Everything in the records except the pictures must be copied out exactly.
┌────────
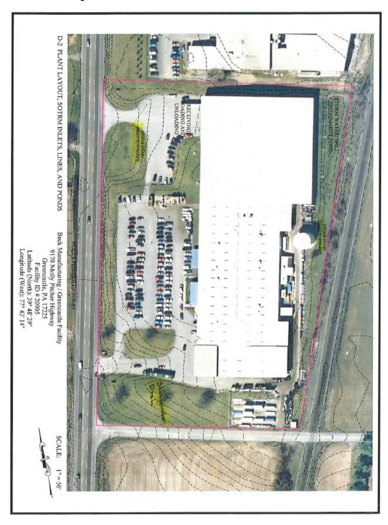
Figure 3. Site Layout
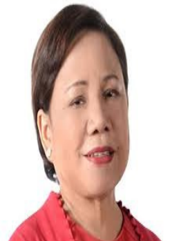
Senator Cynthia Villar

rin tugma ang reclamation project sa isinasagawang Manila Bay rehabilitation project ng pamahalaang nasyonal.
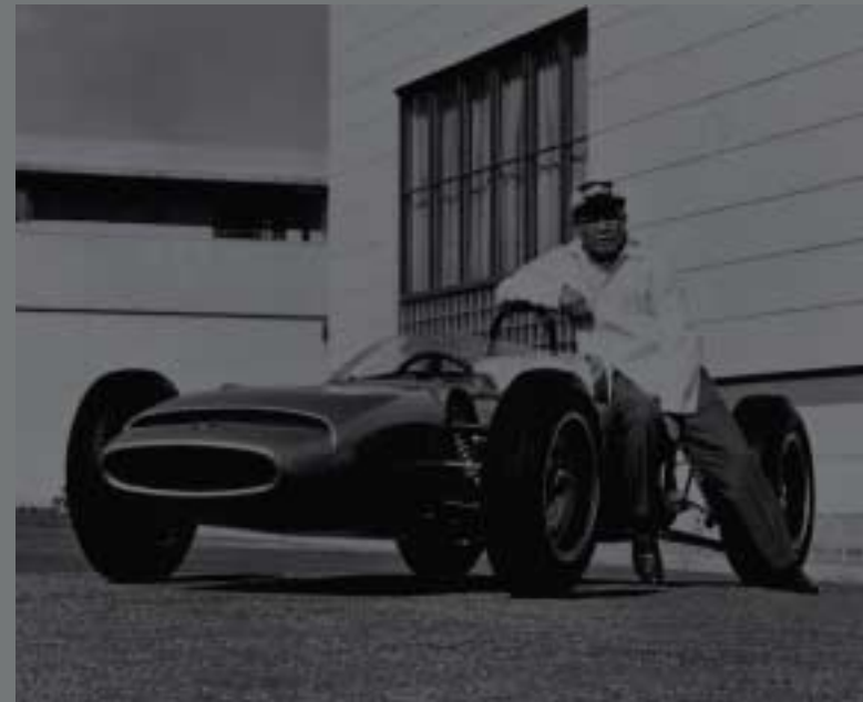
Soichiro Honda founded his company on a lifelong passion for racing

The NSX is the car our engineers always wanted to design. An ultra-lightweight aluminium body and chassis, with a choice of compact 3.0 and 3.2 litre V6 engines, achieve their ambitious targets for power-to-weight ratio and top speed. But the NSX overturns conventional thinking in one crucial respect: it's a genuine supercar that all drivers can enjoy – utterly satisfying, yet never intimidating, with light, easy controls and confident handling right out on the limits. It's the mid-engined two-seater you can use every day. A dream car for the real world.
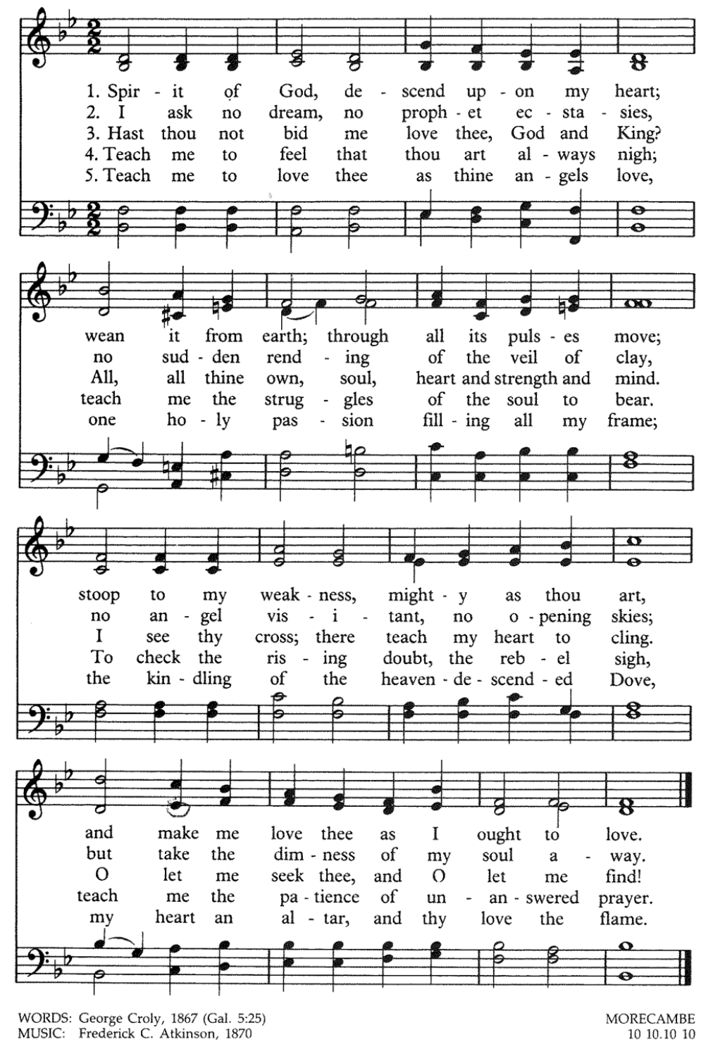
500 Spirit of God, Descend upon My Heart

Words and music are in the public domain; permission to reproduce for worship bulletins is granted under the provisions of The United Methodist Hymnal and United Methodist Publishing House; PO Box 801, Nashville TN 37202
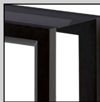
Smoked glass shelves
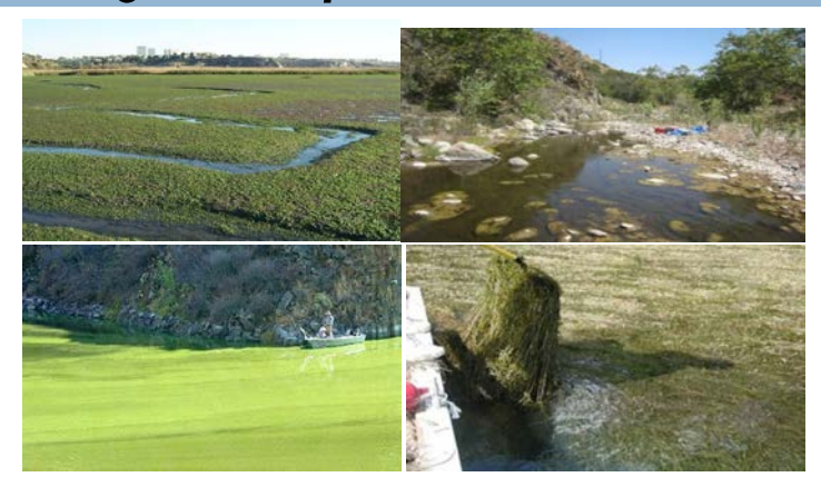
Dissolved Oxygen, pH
└────────
▶ _Answer to this exercise_
Figure 3. Site Layout
Senator Cynthia Villar

rin tugma ang reclamation project sa isinasagawang Manila Bay rehabilitation project ng pamahalaang nasyonal.
Soichiro Honda founded his company on a lifelong passion for racing

The NSX is the car our engineers always wanted to design. An ultra-lightweight aluminium body and chassis, with a choice of compact 3.0 and 3.2 litre V6 engines, achieve their ambitious targets for power-to-weight ratio and top speed. But the NSX overturns conventional thinking in one crucial respect: it's a genuine supercar that all drivers can enjoy – utterly satisfying, yet never intimidating, with light, easy controls and confident handling right out on the limits. It's the mid-engined two-seater you can use every day. A dream car for the real world.
500 Spirit of God, Descend upon My Heart

Words and music are in the public domain; permission to reproduce for worship bulletins is granted under the provisions of The United Methodist Hymnal and United Methodist Publishing House; PO Box 801, Nashville TN 37202
Smoked glass shelves
Dissolved Oxygen, pH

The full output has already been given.